__ENTRIES PROVIDED__
===
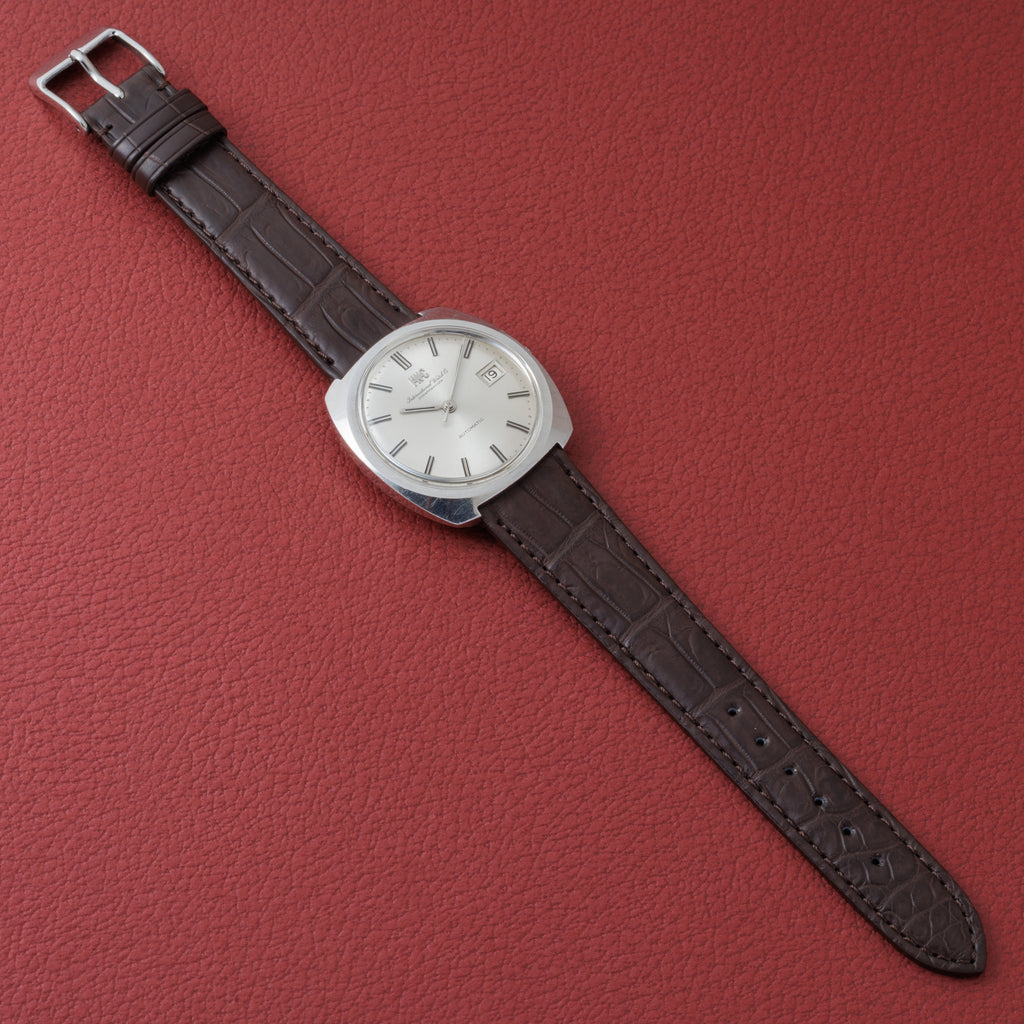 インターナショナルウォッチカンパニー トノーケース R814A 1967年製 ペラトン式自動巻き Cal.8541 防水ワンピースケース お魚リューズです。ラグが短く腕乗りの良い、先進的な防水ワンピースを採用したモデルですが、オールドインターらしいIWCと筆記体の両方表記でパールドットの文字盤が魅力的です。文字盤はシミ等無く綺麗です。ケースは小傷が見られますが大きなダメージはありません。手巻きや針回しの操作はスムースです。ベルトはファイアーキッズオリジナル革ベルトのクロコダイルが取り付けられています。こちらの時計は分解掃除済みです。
===
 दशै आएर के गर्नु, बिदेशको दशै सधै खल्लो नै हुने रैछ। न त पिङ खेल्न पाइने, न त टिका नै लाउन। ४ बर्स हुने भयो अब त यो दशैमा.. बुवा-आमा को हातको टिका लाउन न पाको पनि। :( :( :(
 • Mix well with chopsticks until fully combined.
===
__ACTION ITEM__
Starting at the line that has "दशै आएर के गर्नु, बिदेशको" and ending at the line that has "until fully combined.", please write out the lines above exactly, leaving out all others.

__FINISHED EXERCISE__
 दशै आएर के गर्नु, बिदेशको दशै सधै खल्लो नै हुने रैछ। न त पिङ खेल्न पाइने, न त टिका नै लाउन। ४ बर्स हुने भयो अब त यो दशैमा.. बुवा-आमा को हातको टिका लाउन न पाको पनि। :( :( :(
 • Mix well with chopsticks until fully combined.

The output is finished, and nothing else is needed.